X-ray crystallography is traditionally used to define a single, static macromolecular structure. However, these “structures” are based on fitting atomic models into electron density maps that portray an ensemble average of the billions and billions of molecules in the crystal. By mining these maps using the electron density sampling program Ringer (developed in the Alber Lab at UC Berkeley), we have shown that ensemble features can reliably detected and that noise levels are much lower than commonly thought. Features at low-levels of electron density can reveal ligand, protein and solvent flexibility that can be exploited in inhibitor optimization. We are testing how ensemble (e.g. phenix.ensemble_refinement developed by the Phenix consortium at LBL) and multi-conformer (e.g. qFit developed by our collaborator Henry van den Bedem at SSRL/SLAC) modeling methods can improve both the statistical fit to experimental data and the ability to generate novel biological hypotheses. The next major challenge is to determine the extent to which distant parts of the protein are conformationally coupled.
Proteins often move between different conformations. NMR spectroscopy is well suited to determining the existence of multiple states and the rates of transitions between them. However, the atomic details of these transitions remain difficult to ascertain and interrogate. To address these challenges, we have found that the conformational distributions of proteins in the crystal are remarkably sensitive to temperature perturbations. Previously we, in collaboration with Dorothee Kern’s lab at Brandeis, used these strategies to define catalytically essential conformations of the proline isomerase CypA. Residues that shift above and below the glass transition often overlap with the regions implicated by dynamic NMR studies. To build on these synergies between X-ray crystallography, computation, and NMR, we are refining room temperature diffraction techniques to minimize radiation damage. In addition, we are developing new X-ray scattering techniques to define collective protein motions.
Finally, although these biophysical techniques generate beautiful images of electron density maps and NMR spectra, we use a variety of assays to test the importance of alternative conformations and protein motions. We study the role of protein motions in enzyme catalysis using directed evolution screens and selections.
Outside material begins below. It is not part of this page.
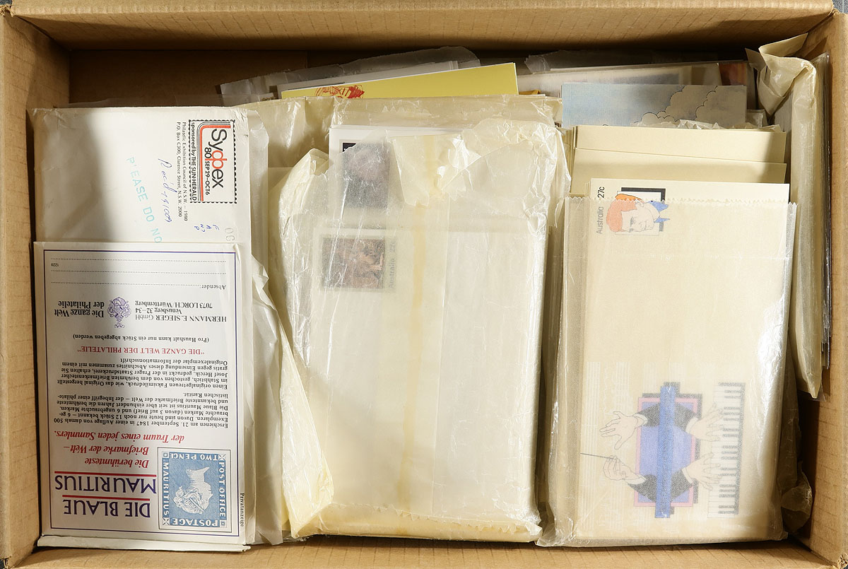 Australia - Comprehensive collection of Australia postal stationery, 1970's-1980's, containing roughly 475 pieces (mint and some with first day cancels), all purchased as new issues with the vast majority in original glassine packaging. Also includes a few sundry souvenir items. A nice lot that would be difficult to duplicate. Estimate =

In collaboration with Tanja Kortemme’s lab, we test the ability of protein design approaches to generate rescue mutants and create novel functions. We investigate the consequences of altering biophysical parameters in the context of living systems using high-throughput genetic screens pioneered by our collaborator Nevan Krogan. These approaches reveal extensive parallels that scale from systems biology to atomic mechanisms in how we understand genetic non-additivity, buffering, and robustness. We believe this “systems to structure” approach will be essential for elucidating disease mechanisms in the age of personal genomics.
The long-term goals of our research are: 1) to develop fundamental biophysical methods and 2) to apply these methods to define the role of protein conformational dynamics in interaction specificity, allostery, and catalysis.